§ **INPUT MATERIAL**:
-=-=-=-=-

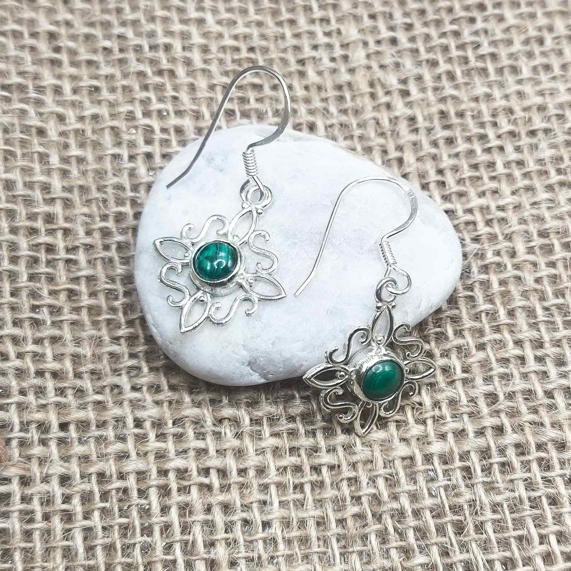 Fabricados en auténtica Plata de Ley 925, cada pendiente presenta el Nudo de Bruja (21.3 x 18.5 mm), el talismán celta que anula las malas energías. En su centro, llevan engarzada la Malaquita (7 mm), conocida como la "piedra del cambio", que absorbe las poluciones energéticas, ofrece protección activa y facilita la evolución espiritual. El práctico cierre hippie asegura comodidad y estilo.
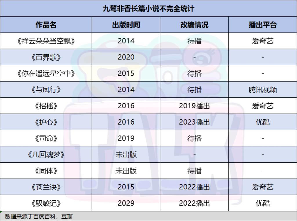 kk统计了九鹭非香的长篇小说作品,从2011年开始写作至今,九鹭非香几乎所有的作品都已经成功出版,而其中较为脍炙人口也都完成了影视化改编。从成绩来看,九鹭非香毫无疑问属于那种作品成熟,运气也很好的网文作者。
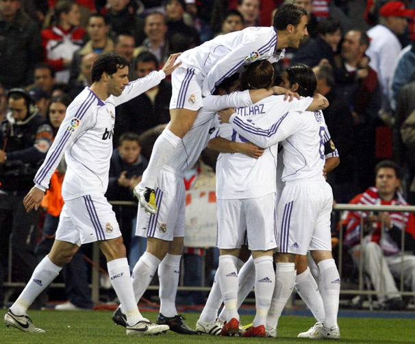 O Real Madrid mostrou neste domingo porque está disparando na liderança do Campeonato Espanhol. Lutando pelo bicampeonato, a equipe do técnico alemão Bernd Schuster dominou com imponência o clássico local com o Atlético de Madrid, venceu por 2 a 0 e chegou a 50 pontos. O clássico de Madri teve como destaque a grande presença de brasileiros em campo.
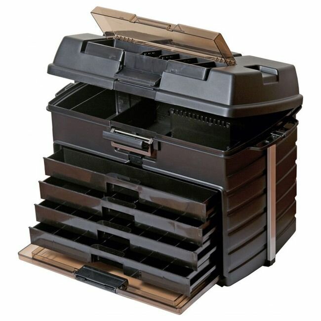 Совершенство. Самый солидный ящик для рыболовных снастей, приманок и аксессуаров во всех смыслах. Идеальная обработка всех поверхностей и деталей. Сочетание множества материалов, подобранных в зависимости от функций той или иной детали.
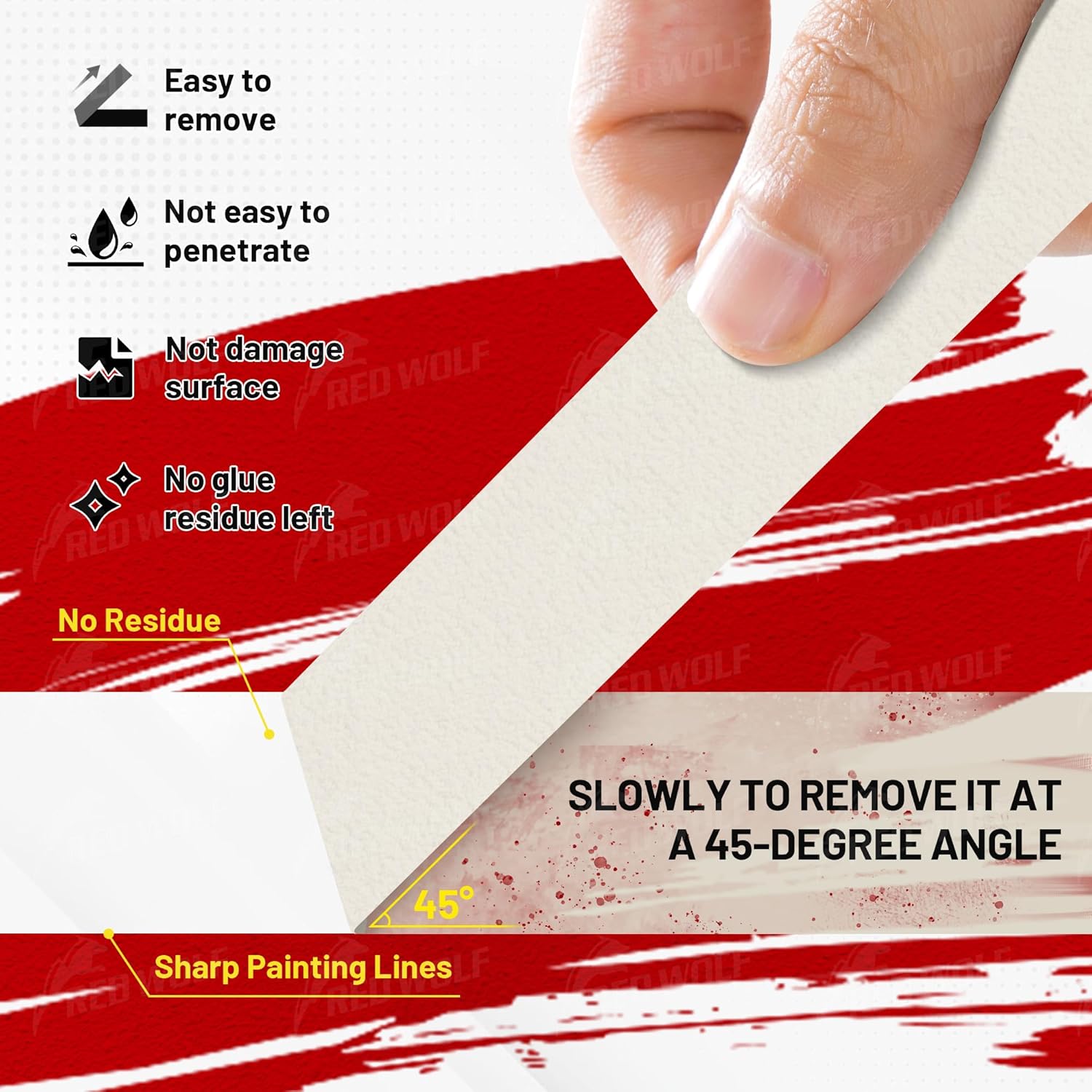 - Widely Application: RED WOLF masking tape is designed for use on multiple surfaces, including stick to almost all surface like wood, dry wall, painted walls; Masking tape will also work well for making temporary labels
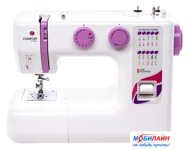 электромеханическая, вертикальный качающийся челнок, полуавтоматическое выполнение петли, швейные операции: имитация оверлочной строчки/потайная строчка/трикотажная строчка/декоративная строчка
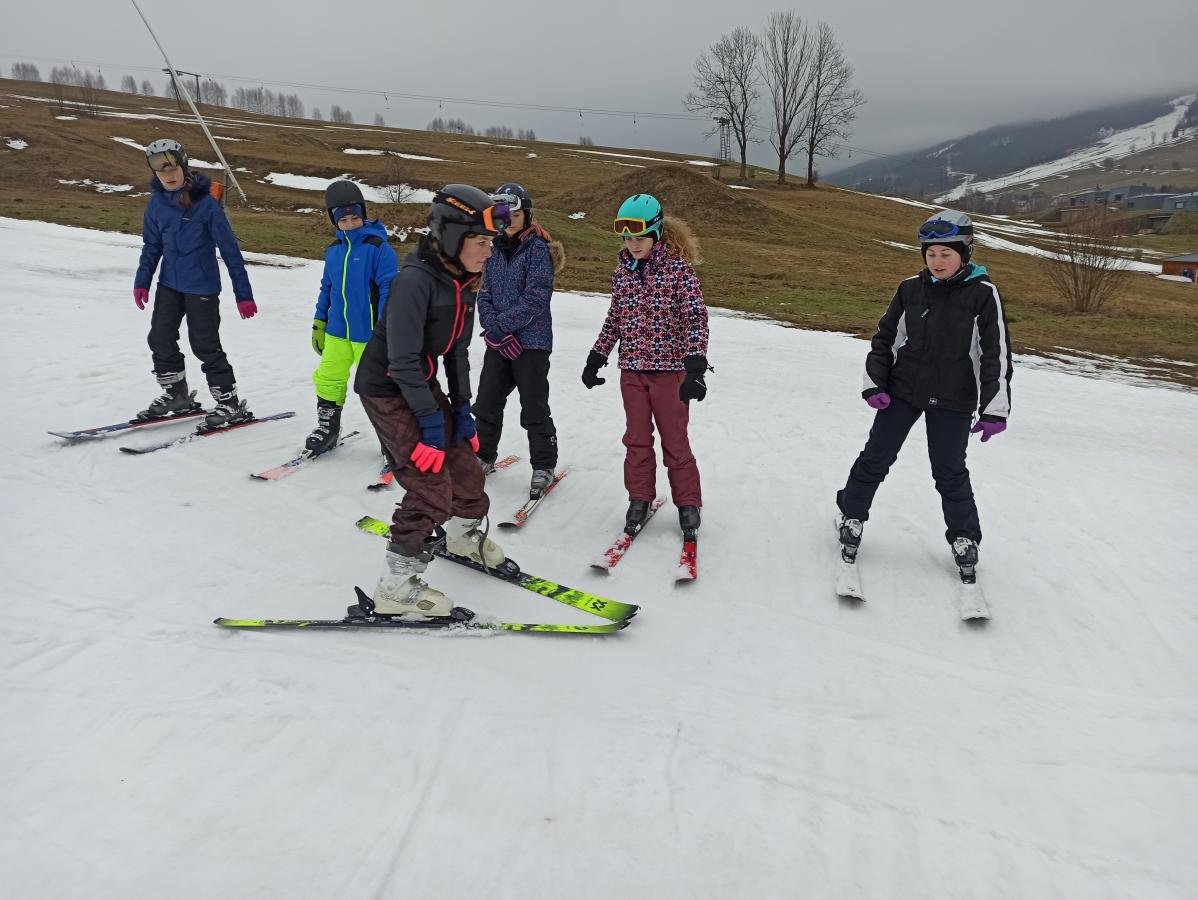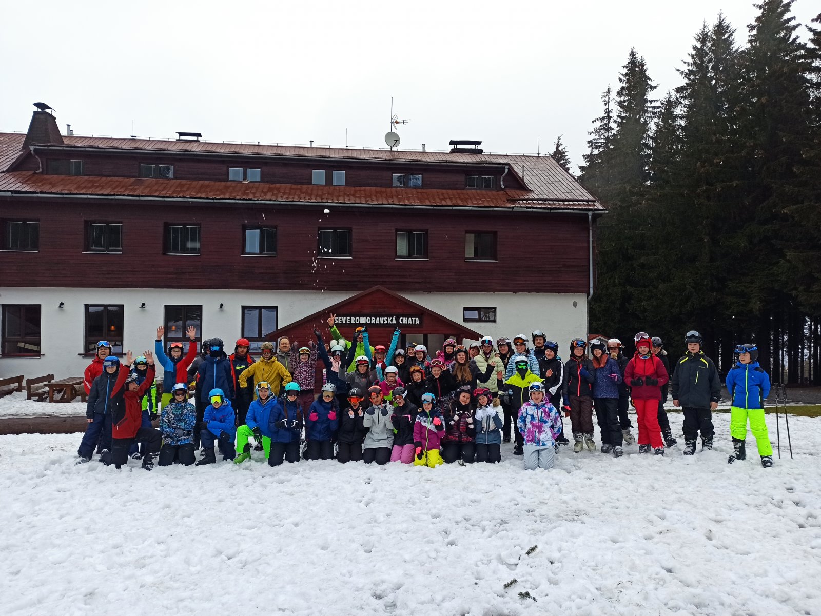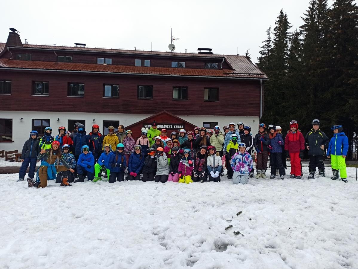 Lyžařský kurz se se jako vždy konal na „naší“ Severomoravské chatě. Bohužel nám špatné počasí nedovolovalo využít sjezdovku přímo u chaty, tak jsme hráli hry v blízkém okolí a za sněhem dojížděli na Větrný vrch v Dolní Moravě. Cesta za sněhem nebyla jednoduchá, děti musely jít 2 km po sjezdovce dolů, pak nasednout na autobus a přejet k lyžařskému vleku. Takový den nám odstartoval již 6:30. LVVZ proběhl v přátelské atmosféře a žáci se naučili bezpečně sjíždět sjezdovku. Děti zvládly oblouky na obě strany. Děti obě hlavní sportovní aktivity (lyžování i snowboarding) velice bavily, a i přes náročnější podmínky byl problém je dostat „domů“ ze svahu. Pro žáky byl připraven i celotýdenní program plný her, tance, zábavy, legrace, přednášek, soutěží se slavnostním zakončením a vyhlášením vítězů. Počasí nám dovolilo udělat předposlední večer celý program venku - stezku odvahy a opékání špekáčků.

-=-=-=-=-

§ **REQUIRED ACTION**: Skip every picture, and restate word for word only the lines above from the line containing "- Widely Application: RED" to the line containing "электромеханическая, вертикальный качающийся", both of them included.

§ **SOLUTION FOR THIS TASK**:
 - Widely Application: RED WOLF masking tape is designed for use on multiple surfaces, including stick to almost all surface like wood, dry wall, painted walls; Masking tape will also work well for making temporary labels
 электромеханическая, вертикальный качающийся челнок, полуавтоматическое выполнение петли, швейные операции: имитация оверлочной строчки/потайная строчка/трикотажная строчка/декоративная строчка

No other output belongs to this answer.